[Start of Attachment]

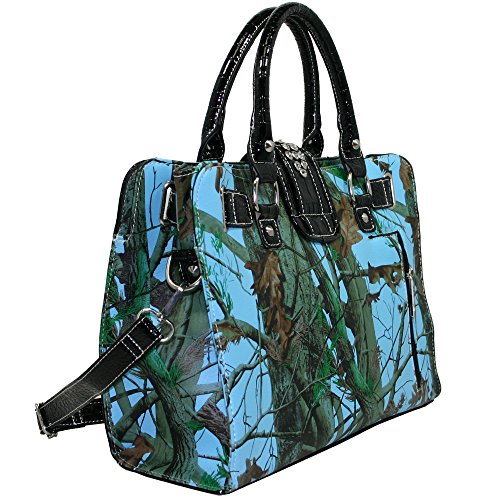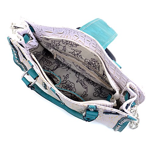 vintage floral lined interior. Interior features a back wall zip pocket & front wall multifunctional pockets. Exterior feature 1 back zippered concealed handgun pocket. Mixed studs & rhinestones on the trim.
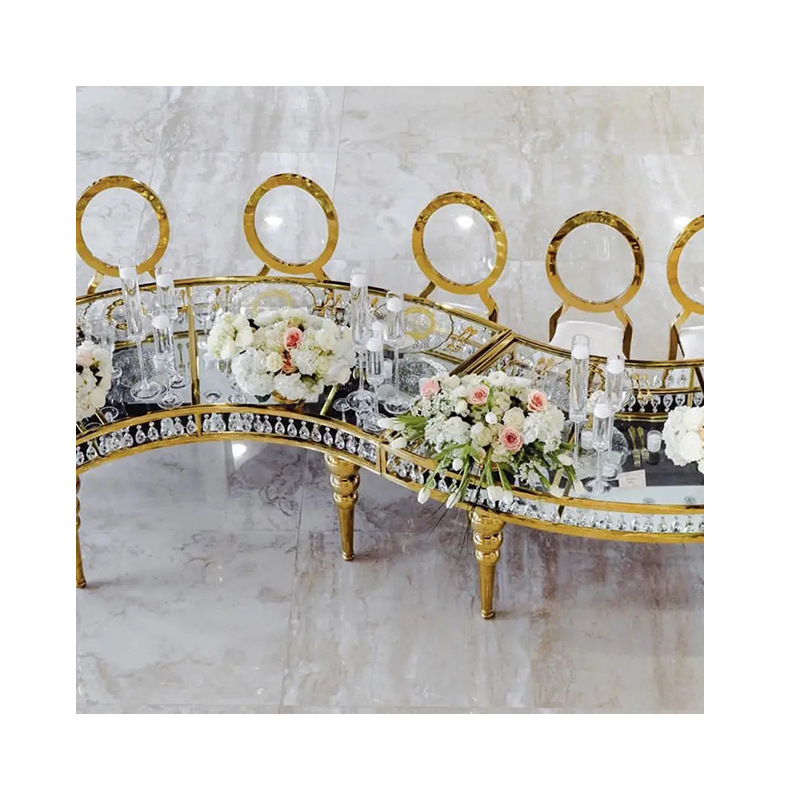 PRE: Wholesale Stainless Steel Mirrored Glass Dining Table Wedding Table
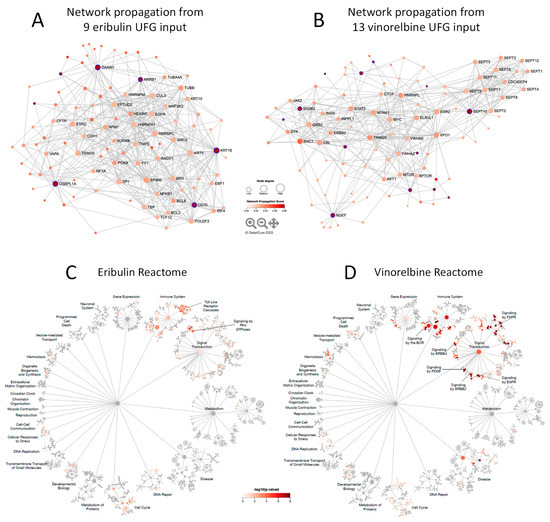 Network propagation [19] starting with the 9 eribulin UFGs and 13 vinorelbine UFGs as query inputs was performed using the Network Enrichment platform in the Data4Cure Biomedical Intelligence® Cloud [16]. The resulting 100-gene networks were then used as query inputs for Reactome pathway analyses [20,21] using the Reactome portal in the Data4Cure platform.
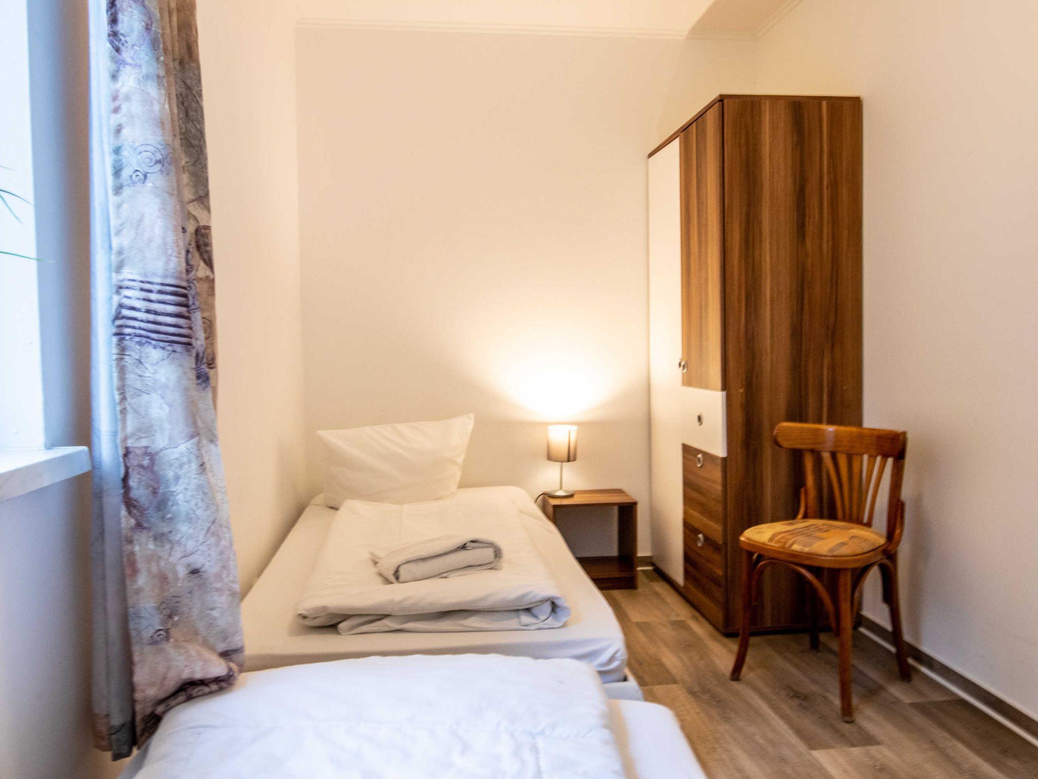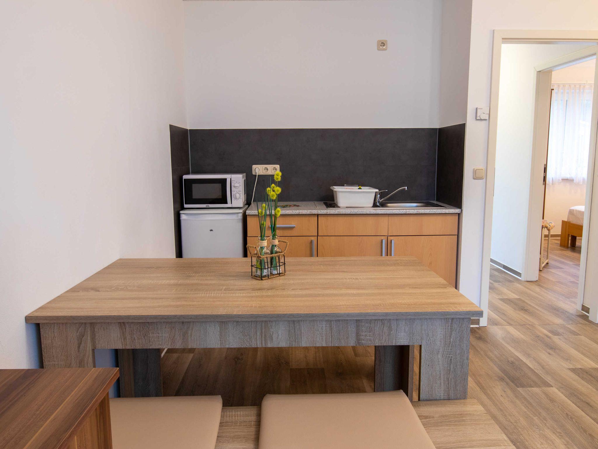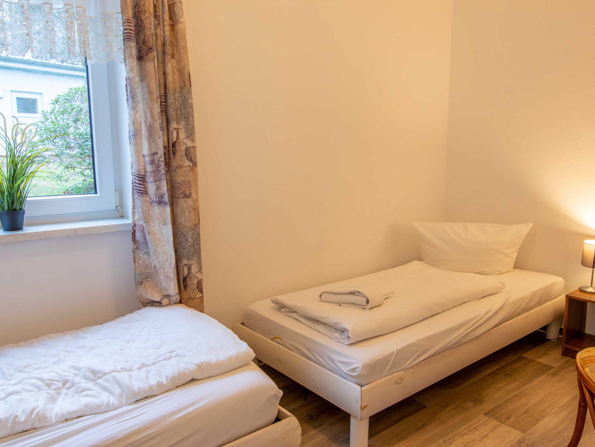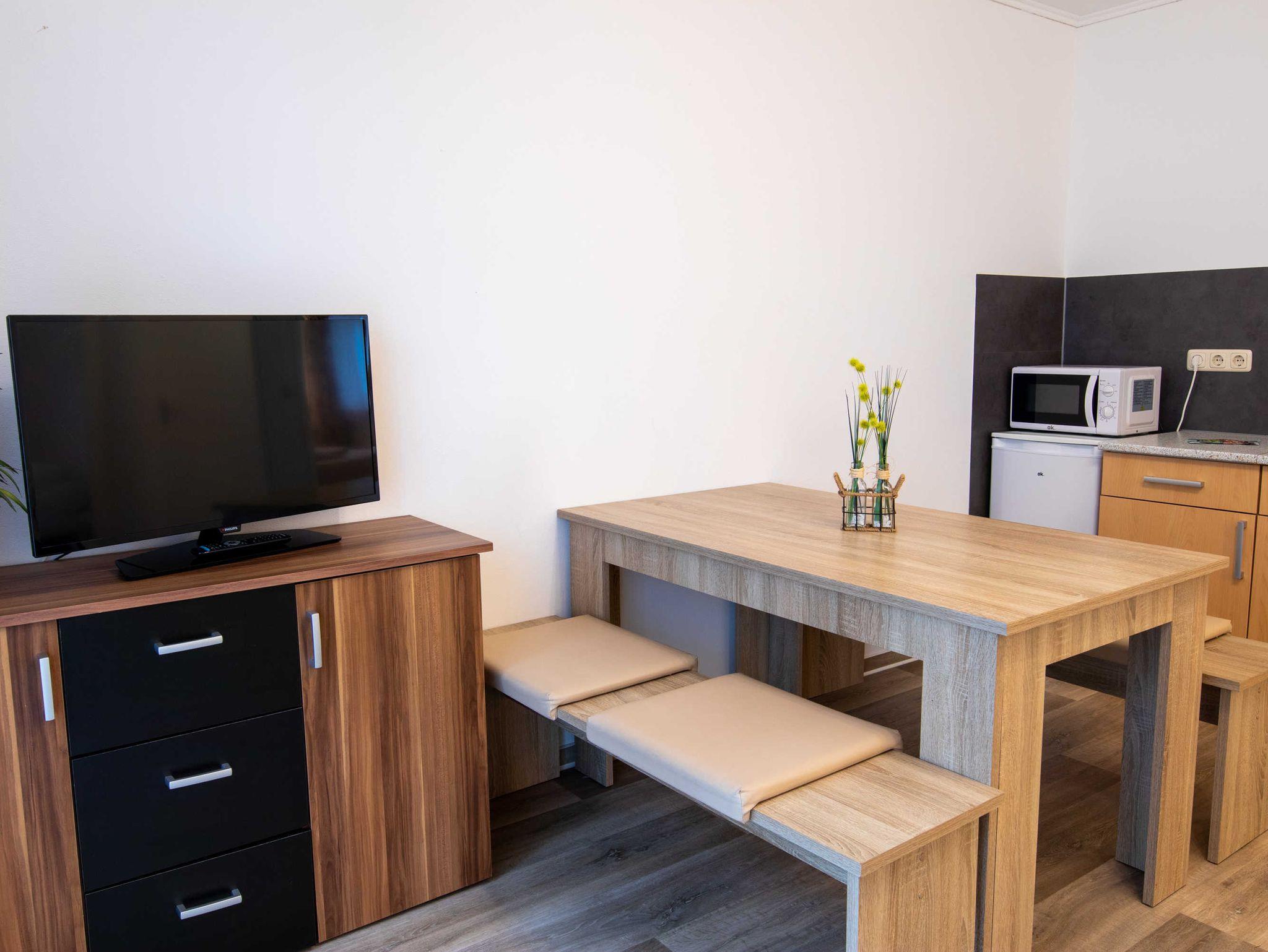 DIe ca. 50 m² große Ferienwohnung befindet sich in einem einzeln stehenden Doppelhaus mit Terrasse und Blick zum Wald. Sie verfügt über ein Wohnzimmer mit Miniküche, zwei separaten Schlafzimmern, Flur und Bad.
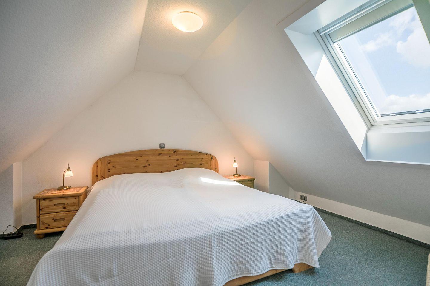 offenes Galerieschlafzimmer, Doppelbett mit getrennten Matratzen (à 200cm x90cm), verstellbarer Lattenrost Kopf- und Fußteil, 2 Korbstühle, Dachfenster mit Verdunkelungsrollo, Teppichboden
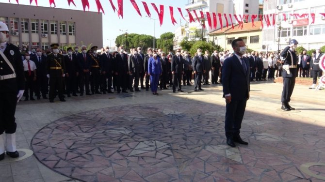 Aydın Valiliği koordinasyonunda düzenlenen programda Aydın Valiliği, Garnizon Komutanlığı ve Aydın Büyükşehir Belediyesi tarafından valilik önündeki Atatürk Anıtına çelenk sunuldu. Saygı duruşu ve İstiklal Marşı'nın okunmasıyla başlayan anma töreni, kutlama mesajlarının okunmasının ardından günün anlam ve önemine dair konuşma ile devam etti.
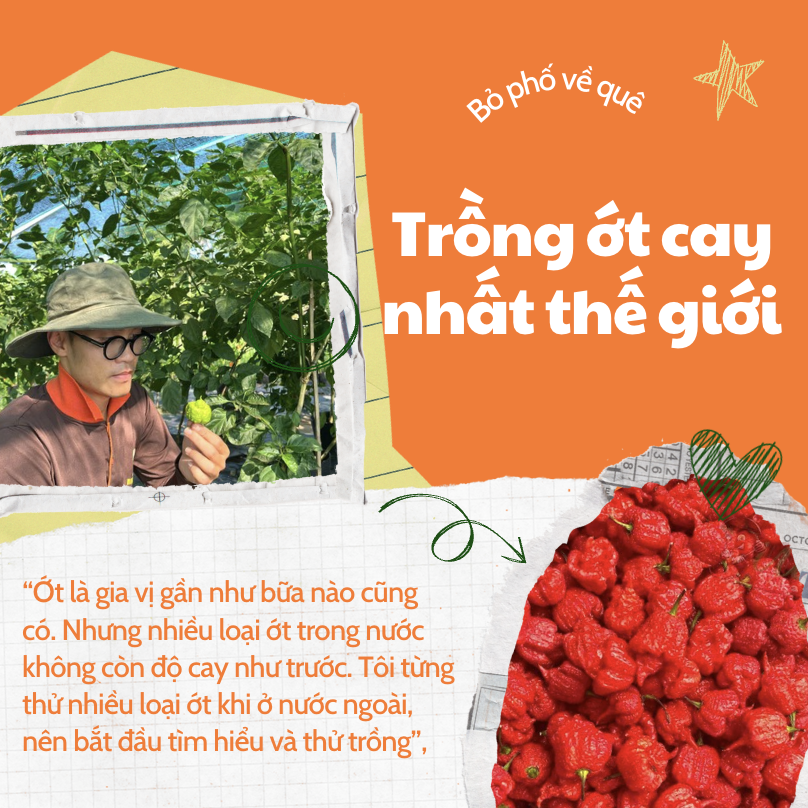 Lý do đến từ một quan sát rất đơn giản. “Ớt là gia vị gần như bữa nào cũng có. Nhưng nhiều loại ớt trong nước không còn độ cay như trước. Tôi từng thử nhiều loại ớt khi ở nước ngoài, nên bắt đầu tìm hiểu và thử trồng”, anh chia sẻ.
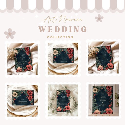 Fira din bröllop med ett moody, romantiskt Victoriangotskt stil. Med blommigtar för lush-mörk, antika toner och vintage-inspirerade detaljer frammanar den här designen elegansen i en gammal epok med en dramatisk vändning. Perfekt för fallceremonier, Halloween bröllop eller par som dras till art nouveau, historisk charm och djup känslomässig estetik.
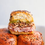 Note 1: If you can find pre-cooked, seasoned, and shredded pork at your grocery store, it makes this recipe super easy! Check near the rotisserie chicken. If unavailable, you can cook and shred pork in a slow cooker or double the ham instead. Don’t use pre-cooked pork in BBQ sauce.Note 2: Sea salt flakes are large, so you can’t substitute them directly with fine salt. If using fine/table salt, add just a small pinch instead.Storage: These Cuban Sliders are best fresh, but you can store leftoveres in airtight containers in the fridge. They will get softer and a bit soggy over time.
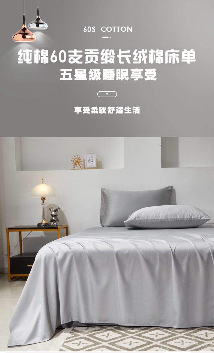 商品名称:(总)晶缦 2023新款全棉纯棉60支贡缎长绒棉纯色多规格单品床单
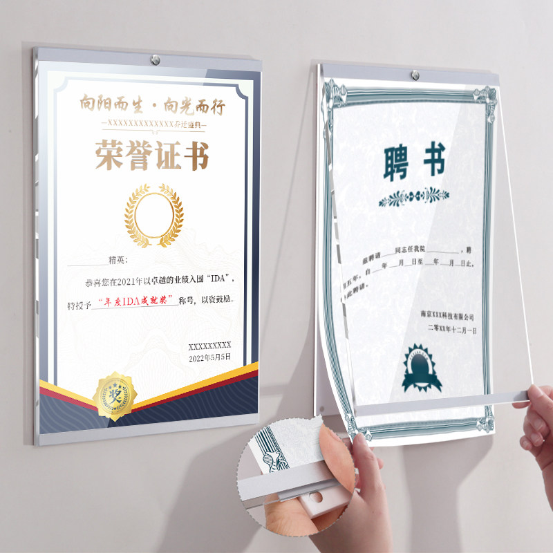 亚克力强磁标价牌透明展示牌强磁面板贴墙价格签台卡台签磁性平贴免打孔贴a4专利证书框师资形象展示墙

[End of Attachment]

TASK OBJECTIVE: Restate the data above word for word, omitting every picture.

SOLVED EXERCISE:
 vintage floral lined interior. Interior features a back wall zip pocket & front wall multifunctional pockets. Exterior feature 1 back zippered concealed handgun pocket. Mixed studs & rhinestones on the trim.
 PRE: Wholesale Stainless Steel Mirrored Glass Dining Table Wedding Table
 Network propagation [19] starting with the 9 eribulin UFGs and 13 vinorelbine UFGs as query inputs was performed using the Network Enrichment platform in the Data4Cure Biomedical Intelligence® Cloud [16]. The resulting 100-gene networks were then used as query inputs for Reactome pathway analyses [20,21] using the Reactome portal in the Data4Cure platform.
 DIe ca. 50 m² große Ferienwohnung befindet sich in einem einzeln stehenden Doppelhaus mit Terrasse und Blick zum Wald. Sie verfügt über ein Wohnzimmer mit Miniküche, zwei separaten Schlafzimmern, Flur und Bad.
 offenes Galerieschlafzimmer, Doppelbett mit getrennten Matratzen (à 200cm x90cm), verstellbarer Lattenrost Kopf- und Fußteil, 2 Korbstühle, Dachfenster mit Verdunkelungsrollo, Teppichboden
 Aydın Valiliği koordinasyonunda düzenlenen programda Aydın Valiliği, Garnizon Komutanlığı ve Aydın Büyükşehir Belediyesi tarafından valilik önündeki Atatürk Anıtına çelenk sunuldu. Saygı duruşu ve İstiklal Marşı'nın okunmasıyla başlayan anma töreni, kutlama mesajlarının okunmasının ardından günün anlam ve önemine dair konuşma ile devam etti.
 Lý do đến từ một quan sát rất đơn giản. “Ớt là gia vị gần như bữa nào cũng có. Nhưng nhiều loại ớt trong nước không còn độ cay như trước. Tôi từng thử nhiều loại ớt khi ở nước ngoài, nên bắt đầu tìm hiểu và thử trồng”, anh chia sẻ.
 Fira din bröllop med ett moody, romantiskt Victoriangotskt stil. Med blommigtar för lush-mörk, antika toner och vintage-inspirerade detaljer frammanar den här designen elegansen i en gammal epok med en dramatisk vändning. Perfekt för fallceremonier, Halloween bröllop eller par som dras till art nouveau, historisk charm och djup känslomässig estetik.
 Note 1: If you can find pre-cooked, seasoned, and shredded pork at your grocery store, it makes this recipe super easy! Check near the rotisserie chicken. If unavailable, you can cook and shred pork in a slow cooker or double the ham instead. Don’t use pre-cooked pork in BBQ sauce.Note 2: Sea salt flakes are large, so you can’t substitute them directly with fine salt. If using fine/table salt, add just a small pinch instead.Storage: These Cuban Sliders are best fresh, but you can store leftoveres in airtight containers in the fridge. They will get softer and a bit soggy over time.
 商品名称:(总)晶缦 2023新款全棉纯棉60支贡缎长绒棉纯色多规格单品床单
 亚克力强磁标价牌透明展示牌强磁面板贴墙价格签台卡台签磁性平贴免打孔贴a4专利证书框师资形象展示墙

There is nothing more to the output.